__Directions__. The reply should hold every entry exactly as written and none of the pictures.

__Supplied entries__.
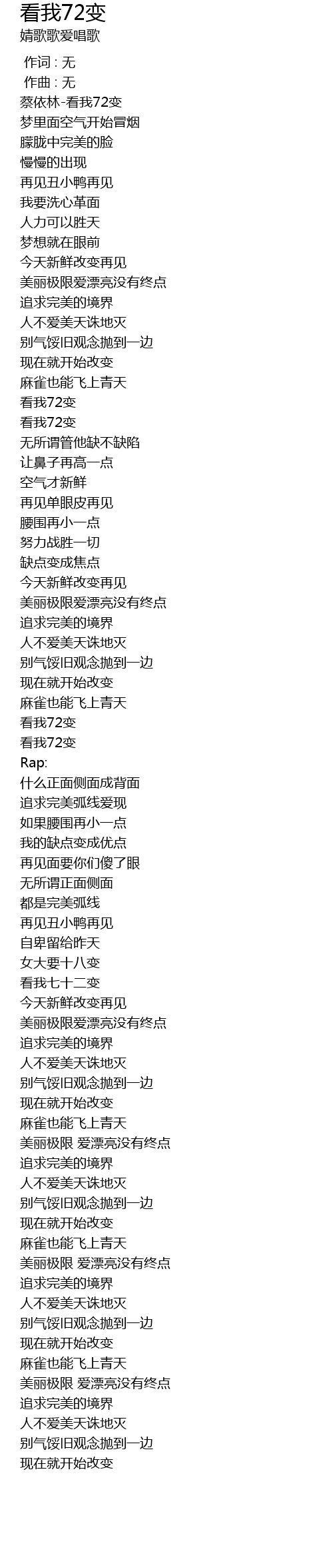 | [00:28.430] | cài yī lín kàn wǒ 72 biàn |
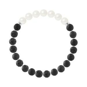 Armband Love Links van gedraaid nylon in zwarte kleur versierd met een echte gekweekte Tahiti-parel van 8-9 mm omringd
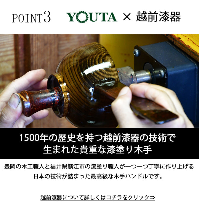 ハンドルには木目が美しい国産ケヤキ材に透明な漆を塗り重ね、木目が透けて見える「木地呂塗り」で仕上げたハイエンドモデル。使い込むと木目が際立ち、デニムのような経年変化を楽しめます。
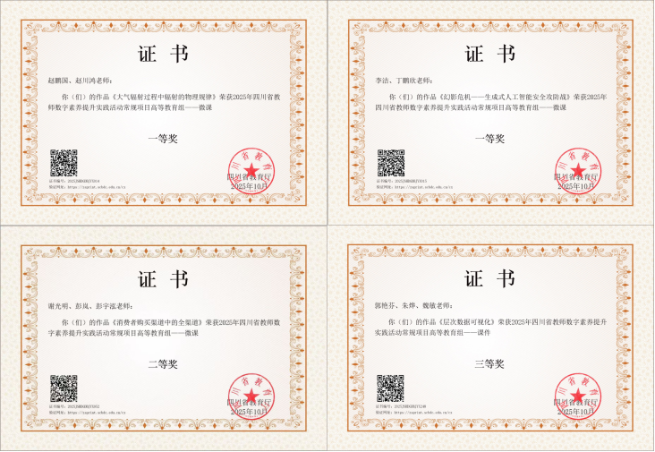 【本网讯】近日,由四川省教育厅主办的2025年四川省教师数字素养提升实践活动获奖名单正式公布。经过教师自评、市(州)及高校推荐、省级专家组严格评审、组委会复核等程序,九州(中国)大气科学学院赵鹏国、计算机学院李洁荣获省级一等奖,物流学院谢光明荣获省级二等奖,计算机学院郭艳芬荣获省级三等奖。
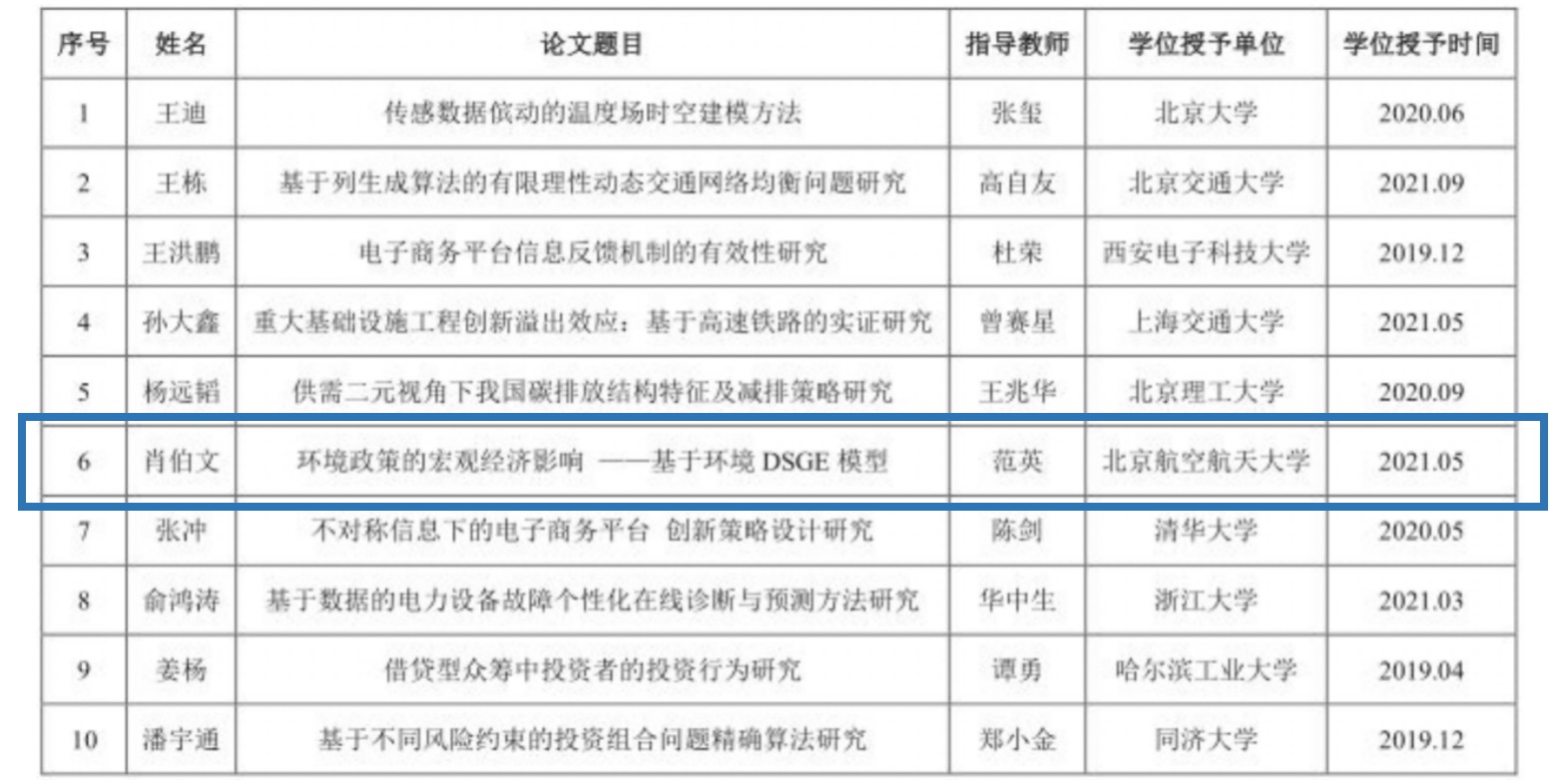 2022年下半年,管理科学与工程学会公布了2022年管理科学与工程学会“优秀博士学位论文奖励计划”评选结果。beat365亚洲版官网2021年博士毕业生肖伯文的博士学位论文《环境政策的宏观经济影响——基于环境DSGE模型》经过层层严格评选,最终入选2022年管理科学与工程学会“优秀博士学位论文奖励计划”名单,指导教师为范英教授。全国各高校共有10篇博士学位论文入选。
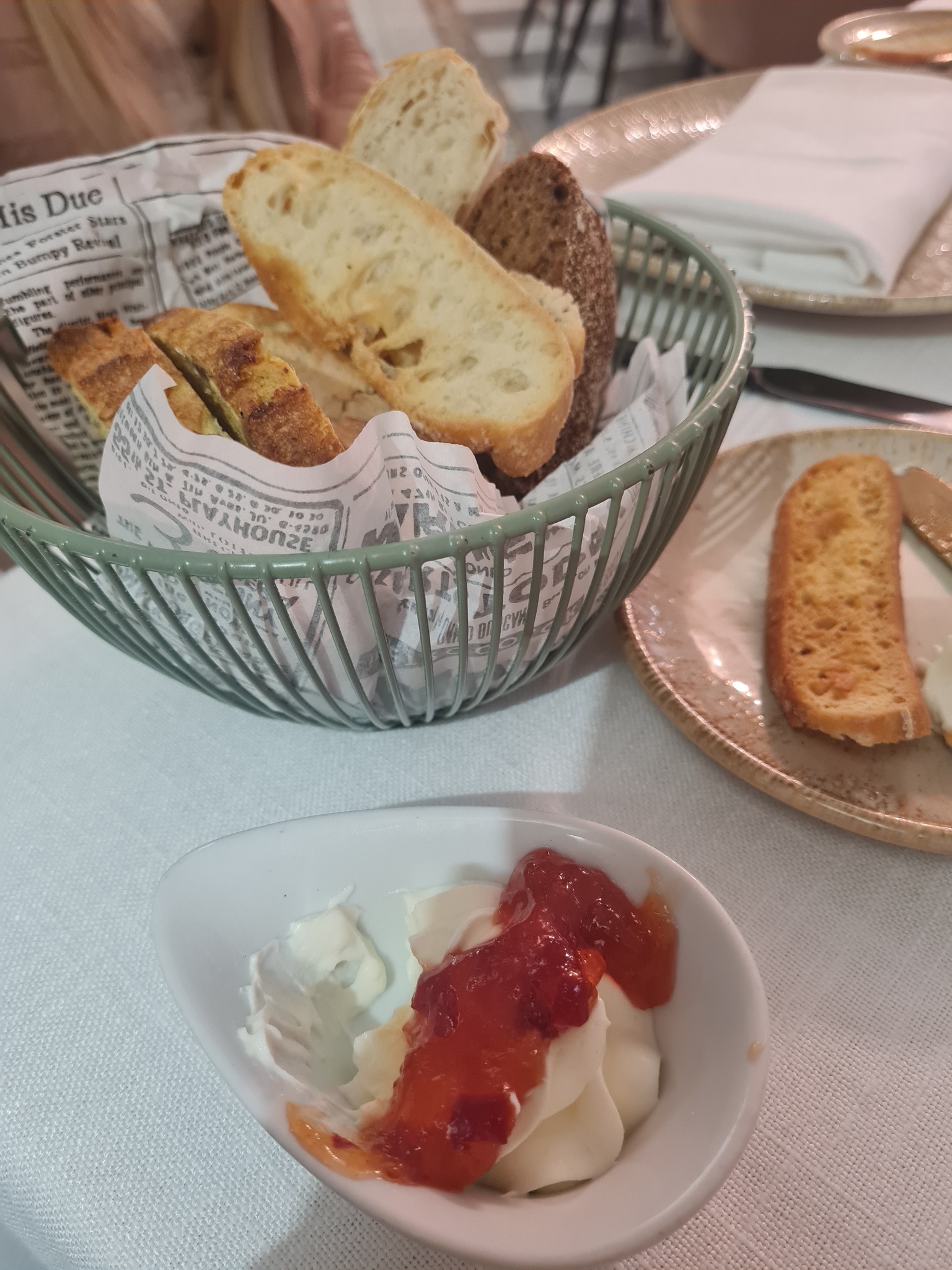 1. Haputaignaleivad ja vahustatud toorjuust magusa tšillikastmega – 2,90 € p/p. Omavalmistatud saiad, huvitav ja õnnestunud maitsekombinatsioon.
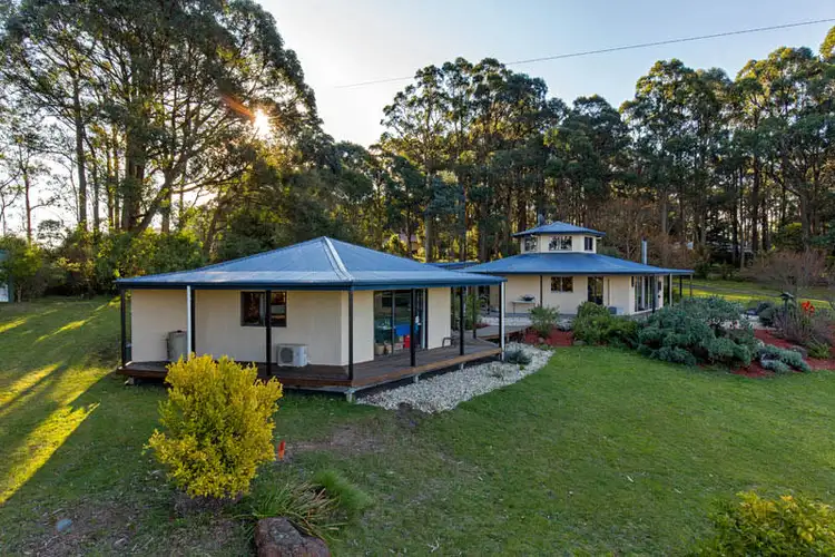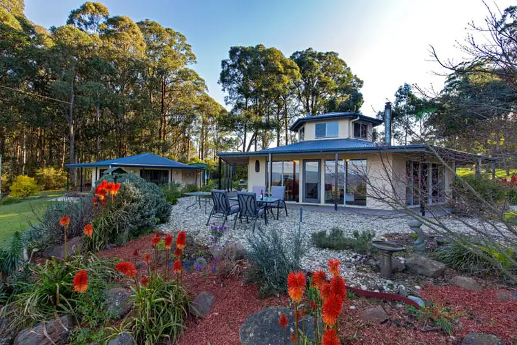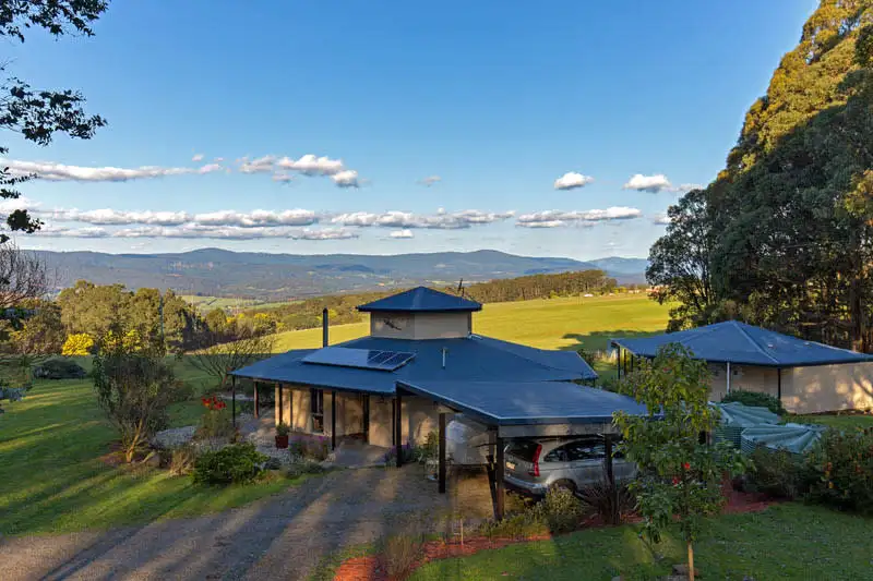 Unique country properties in this league are hard to find, offering extraordinary panoramic views, complete privacy, 8 acres of forest, a well appointed separate self-contained studio and a stylish hexagonal 2 BR home set in 2 acres of lawns and gardens. A great example of site-specific architecture, this gorgeous angular rendered brick home maintains an ambient temperature in summer and is warmed in winter by under-floor heating, an efficient Saxon wood heater and a reverse cycle split system, From its elevated positioning it commands sweeping 180 degree views, out across luscious green paddocks to the treed hills, State forest and Warburton Ranges.
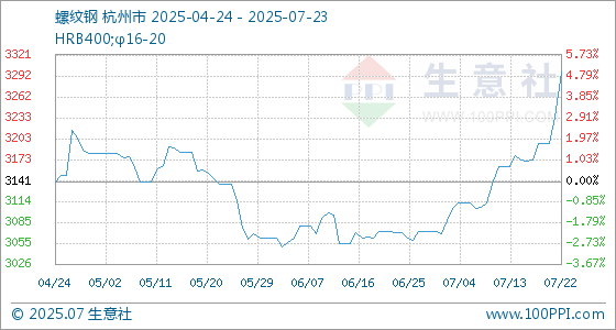 7月23日生意社螺纹钢基准价为3297.00元/吨

__Solution to the problem__.
 | [00:28.430] | cài yī lín kàn wǒ 72 biàn |
 Armband Love Links van gedraaid nylon in zwarte kleur versierd met een echte gekweekte Tahiti-parel van 8-9 mm omringd
 ハンドルには木目が美しい国産ケヤキ材に透明な漆を塗り重ね、木目が透けて見える「木地呂塗り」で仕上げたハイエンドモデル。使い込むと木目が際立ち、デニムのような経年変化を楽しめます。
 【本网讯】近日,由四川省教育厅主办的2025年四川省教师数字素养提升实践活动获奖名单正式公布。经过教师自评、市(州)及高校推荐、省级专家组严格评审、组委会复核等程序,九州(中国)大气科学学院赵鹏国、计算机学院李洁荣获省级一等奖,物流学院谢光明荣获省级二等奖,计算机学院郭艳芬荣获省级三等奖。
 2022年下半年,管理科学与工程学会公布了2022年管理科学与工程学会“优秀博士学位论文奖励计划”评选结果。beat365亚洲版官网2021年博士毕业生肖伯文的博士学位论文《环境政策的宏观经济影响——基于环境DSGE模型》经过层层严格评选,最终入选2022年管理科学与工程学会“优秀博士学位论文奖励计划”名单,指导教师为范英教授。全国各高校共有10篇博士学位论文入选。
 1. Haputaignaleivad ja vahustatud toorjuust magusa tšillikastmega – 2,90 € p/p. Omavalmistatud saiad, huvitav ja õnnestunud maitsekombinatsioon.
 Unique country properties in this league are hard to find, offering extraordinary panoramic views, complete privacy, 8 acres of forest, a well appointed separate self-contained studio and a stylish hexagonal 2 BR home set in 2 acres of lawns and gardens. A great example of site-specific architecture, this gorgeous angular rendered brick home maintains an ambient temperature in summer and is warmed in winter by under-floor heating, an efficient Saxon wood heater and a reverse cycle split system, From its elevated positioning it commands sweeping 180 degree views, out across luscious green paddocks to the treed hills, State forest and Warburton Ranges.
 7月23日生意社螺纹钢基准价为3297.00元/吨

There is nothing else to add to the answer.